Just in case, if you are able to understand the following, the main problem that i'm trying to solve is,
Let $f:\mathbb{R}^n\to \mathbb{R}$ be a measurable function, define $F:\mathbb{R}^{2n}\to \mathbb{R}$ by $F(x,y)=\chi_{Q_i}(x)f(x)-\chi_{2Q}(y)f(x+y)$ where $x,y\in\mathbb{R}^n$, $\chi_{Q_1},\chi_{Q_2}$ is the characteristic function of the open cubes $Q_1,Q_2\subset\mathbb{R}^n$ and $f:\mathbb{R}^n\to \mathbb{R}$ is measurable, then $F$ is measurable.

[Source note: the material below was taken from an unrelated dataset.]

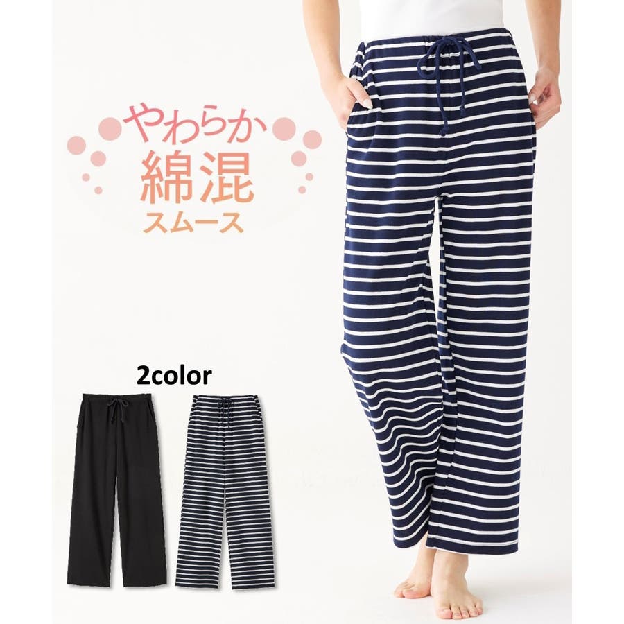 S M L LL 綿混スムースルームパンツ

and i'm also trying to solve this for be able to use Tonelli-Fubini's theorem for the following integral, $$\int\limits_{Q_1}\int\limits_{Q_2}\lvert f(x)-f(x+y)\rvert^p dydx$$ where $f\in L^p(\mathbb{R^n})$
Hint: $fg=\frac{(f+g)^2 - f^2 - g^2}{2}$ This helps for seeing $F$ is measurable.
Don't expect to find a relationship between preimage of $F$ and preimages of $f, g$! Since $F$ does not have uniue representation ! for example :
$$F=fg= e^xf \times e^{-x}g$$